The equity market rally has been relatively narrow and dominated by a small handful of technology companies. These firms generally continue to enjoy increasing growth forecasts. Such growth is becoming increasingly tricky to find.
One area of the global equity market that has been left behind generally is China. The knock-on impacts of the property sector bust on the domestic economy are relatively well understood. What international investors continue to struggle with, is the gauntlet of regulations and a changing operating environment for companies. A further unanticipated change occurred during December when the country introduced more stringent rules for online gaming companies. While Tencent spokesman indicated they are well positioned to manage the new rules, the violent share price reaction to the news indicated concerns of the investment community. As we wrote last time multiples are generally low in the country and international investors are generally very underweight in the region. Both, historically, change rapidly once confidence returns.
Trading activity was limited with some reductions in weightings to the energy sector, Adobe and a top-up in AMD and the S&P ETF. A new position was established in Crowdstrike in line with the fund.
During the month, the Ashburton Global Equity Growth Model Portfolio (USD) returned +6.4%. The best performing stocks held were Enphase (+30.8%), Align (+28.2%) and AMD (+21.7%). While the worst were Tencent (-10.2%), Patterson (-7.8%) and Vermilion (-3.6%).
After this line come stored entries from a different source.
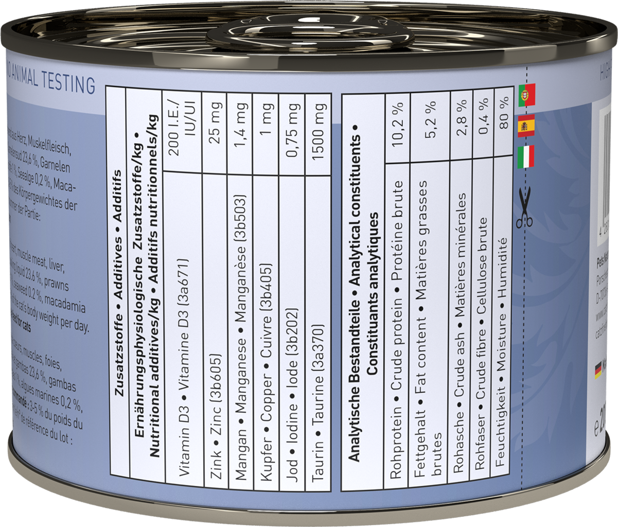 Con questo cibo umido di alta qualità, puoi concedere al tuo gatto un piacere davvero speciale, coccolandolo con ingredienti naturali selezionati di qualità superiore e un gusto squisito. Formulato secondo il concetto di preda, questo cibo rispetta la natura del tuo gatto, riportando così un pezzo di autenticità nella sua vita.
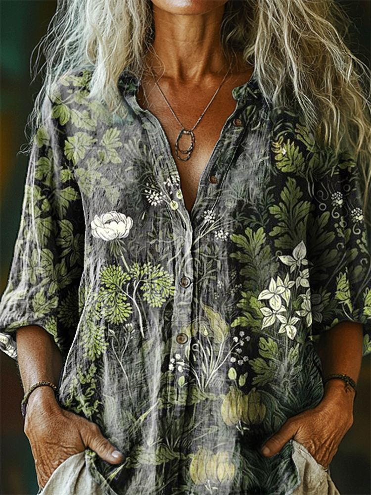 Floral Pattern Art Print Cotton Linen Casual Women's Shirt
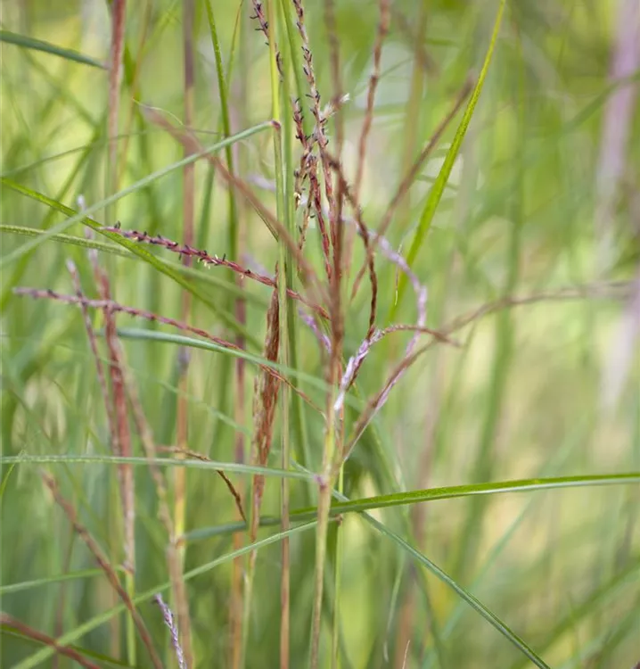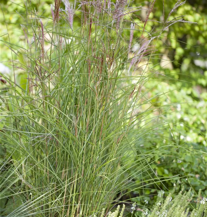 Das Garten-Chinaschilf 'Kleine Fontäne' (Miscanthus sinensis) ist mit seiner mittelgrünen Blattfärbung ein dekoratives Gestaltungselement im Garten, welches sich an einem sonnigen bis halbschattigen Standort mit einem möglichst durchlässigen, humosen, nährstoffreichen Boden am wohlsten fühlt. Die hellrosafarbenen Blütenwedel schmücken die aufrecht wachsende Pflanze ab Sommer. Bei günstigen Bedingungen erreicht dieses winterharte Gras eine Höhe von ca. 1,1 m und wird bis zu 80 cm breit.

2024 will be another huge year for geopolitics, with a record number of elections being held globally. Inflation remains among the most important variables for investors to watch given it tends to drive the central bank decision makers who raise or lower global liquidity levels, which affect investment markets. We continue to look for reasonably priced quality companies who are compounding their intrinsic value and offering above market growth rates.